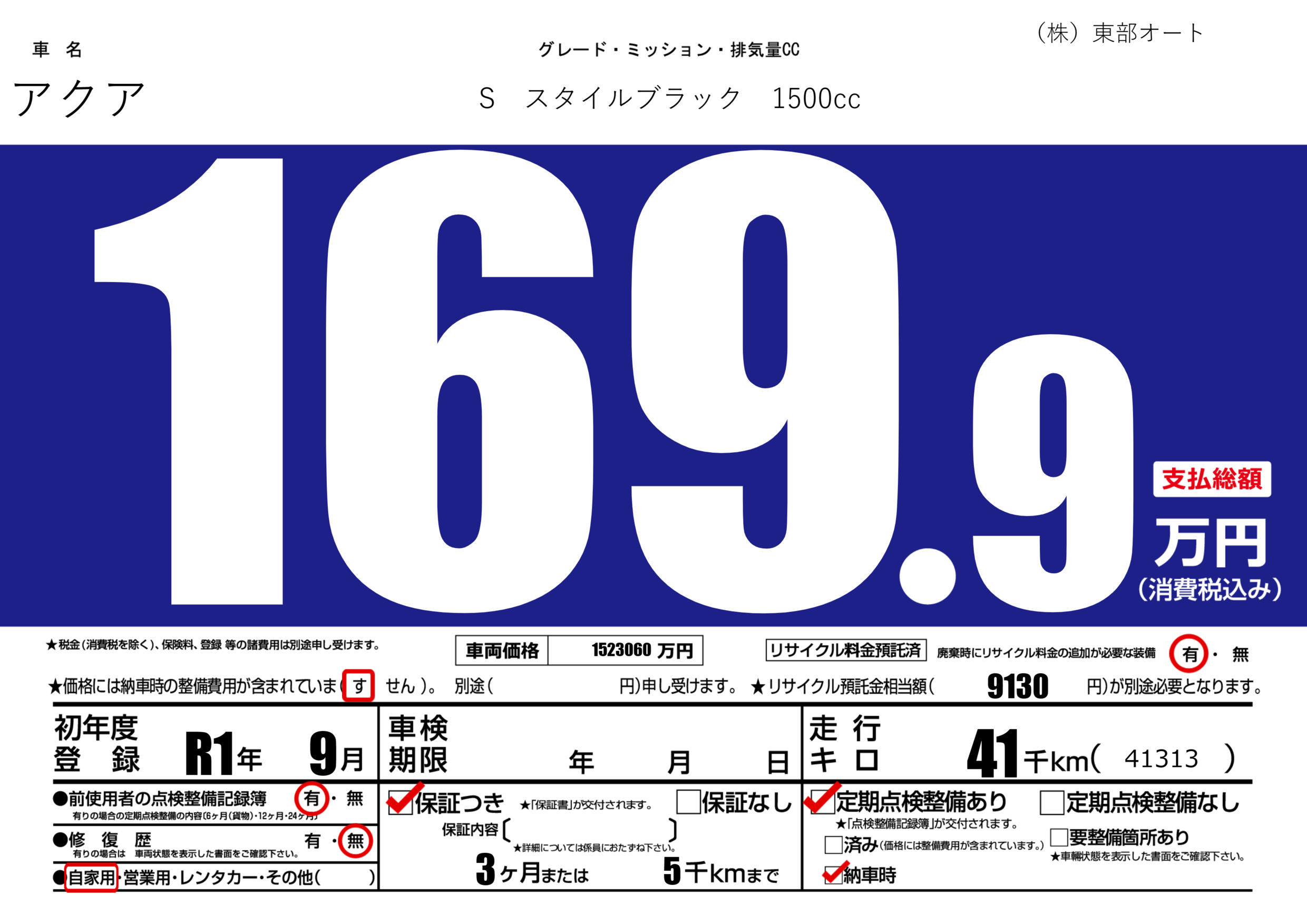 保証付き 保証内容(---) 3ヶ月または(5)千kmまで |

======

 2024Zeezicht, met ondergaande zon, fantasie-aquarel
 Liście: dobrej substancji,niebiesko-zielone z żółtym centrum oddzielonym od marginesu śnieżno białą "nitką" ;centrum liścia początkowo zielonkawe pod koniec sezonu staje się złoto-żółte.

======

Your objective: Only the lines above starting at the line that holds "2024Zeezicht, met ondergaande" and ending at the line that holds "Liście: dobrej substancji,niebiesko-zielone" are to be repeated, exactly and in full.

Response:
 2024Zeezicht, met ondergaande zon, fantasie-aquarel
 Liście: dobrej substancji,niebiesko-zielone z żółtym centrum oddzielonym od marginesu śnieżno białą "nitką" ;centrum liścia początkowo zielonkawe pod koniec sezonu staje się złoto-żółte.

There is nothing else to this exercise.